Enterprise architecture is critical to effective IT governance. EA establishes the baseline and target architectures and the transition plan and enforces these through the EA Board, who conducts technical reviews of proposed new IT projects, products, and standards. EA guides the organization to performance results, business-technology alignment, information sharing and accessibility, systems interoperability and component reuse, technology standardization and simplification, and security, including confidentiality, integrity, availability, and privacy. In short, EA ensures information transparency of business and technology to enhance organizational decision-making.
But what happens when organizational governance, whether EA governance or corporate boards, that is supposed to ensure transparency, does not?
The Wall Street Journal, 14 January 2008, reports “Why CEOs Need to Be Honest with Their Boards.”
“People who have spent time in corporate boardrooms say honest communication is often lacking between CEOs and their fellow directors. ‘Communication and transparency being a problem is more the rule rather than the exception.’”
Sometimes this makes headlines, such as when CEOs conduct activities without informing or getting permission from their directors, such as:
- Backdating stock options
- Holding merger and acquisition talks
- Trying to solve problems independently that need to be vetted
“‘Many times it’s the thing not said, or overly optimistic positioning that gets CEOs in trouble’…as leaders, they want to take charge and inspire confidence, even when things are turning sour. But that instinct can lead them to be less than forthcoming about problems—which can snowball into severe tensions with directors.”

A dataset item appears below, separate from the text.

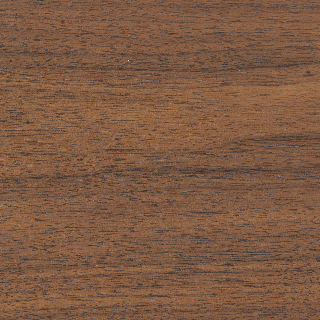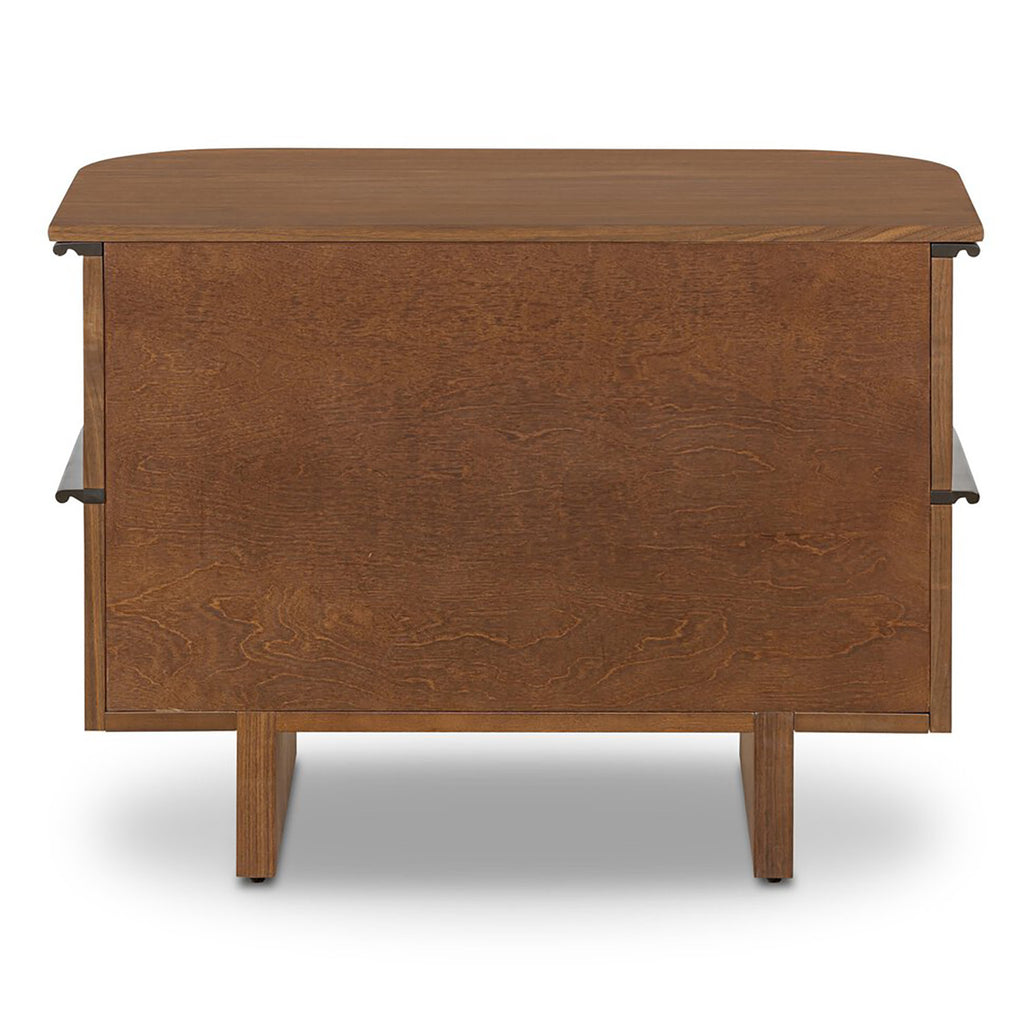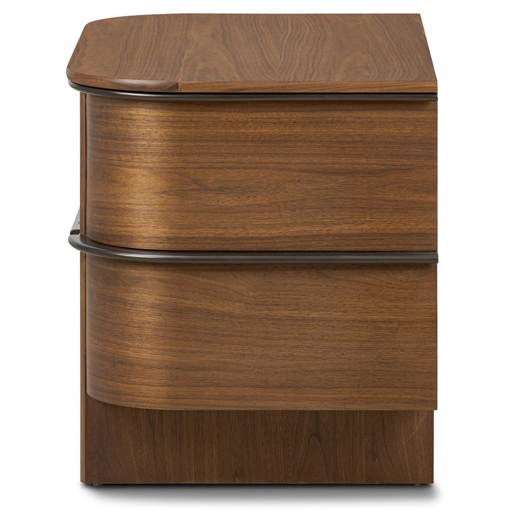 Dark brown walnut is aesthetically shaped with fluid, rounded corners on a ski leg base. The seamless design features two spacious drawers with metal bar hardware that runs along the tops of each drawer.
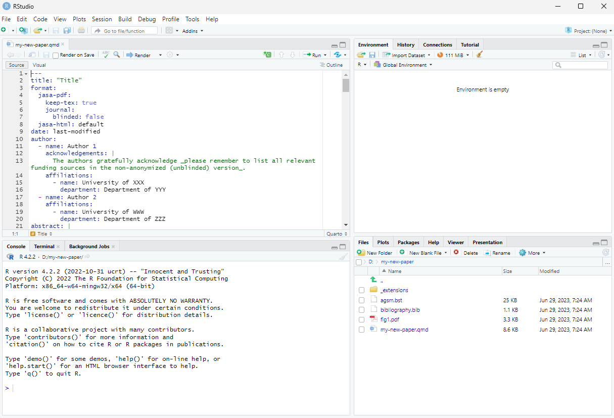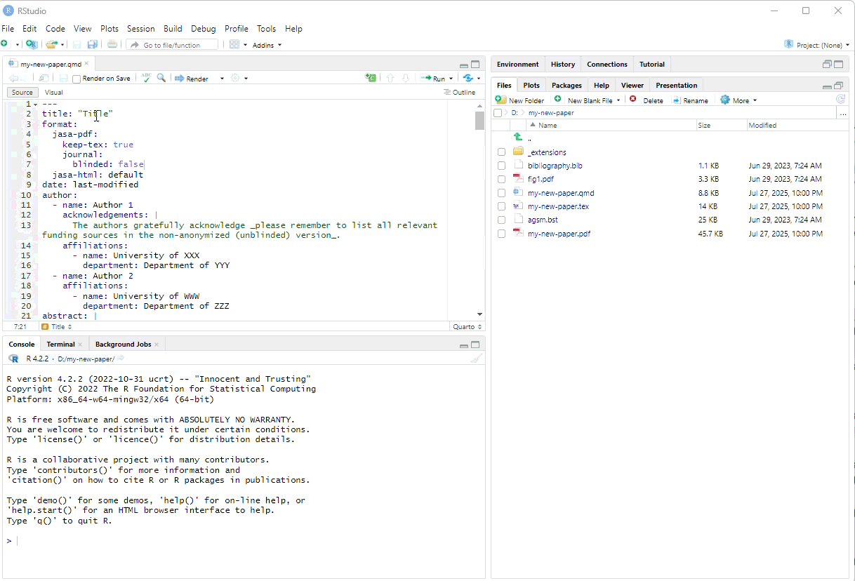 If you already have a peper of your own (with differnt r files with code) go to your RStudio Terminal and create a new project from scratch

CEOs who do not keep their board up-to-date do so at their own peril—“In 2006, 31.9% of CEOs who stepped down world-wide did so due to conflicts with the board…the forced departures were ‘nearly always because of transparency issues…[this leads to a] slow deterioration of trust, so the termination is generally packaged as a ‘loss of confidence.’”
Things have definitely changed in the relationship between boards and CEOs─ “‘There used to be a bright, clear line: We, the management made the decision and they, the board, reviewed and approved those decisions”…that bright, clear line has gotten really fuzzy now.”
Why does the CEO resist this transparency with the board?
“It’s the CEO’s job to ‘put a good face on things to mobilize and drive the changes that any company needs going forward…this requires inspiring people and giving them confidence that if you only make this last push you will get there.” CEO’s don’t want to admit that things are not progressing as expected. They don’t want to concede that they don’t have all the answers.
What’s the lesson here for User-centric EA?
We can’t think that we have all the answers. Collaboration, vetting, and information transparency is critical to enabling better decision-making. Whether information transparency is coming from EA to business and technical information stakeholders or from the CEO to his board of directors, information transparency inspires trust and “breeds self-correcting behavior” (as the U.S. Coast Guard Commandant often reminds us). Hiding problems, being overly optimistic or self-reliant, or working in stealth are not the cornerstones for good enterprise governance. Rather, openness and frankness about program, projects, products, and plans (EA or otherwise) enables good governance. Hearing opposing points of views leads to better decision-making. Even if it is sometimes painful to hear or slows down the process some; a little enterprise introspection goes a long way to improving the end result.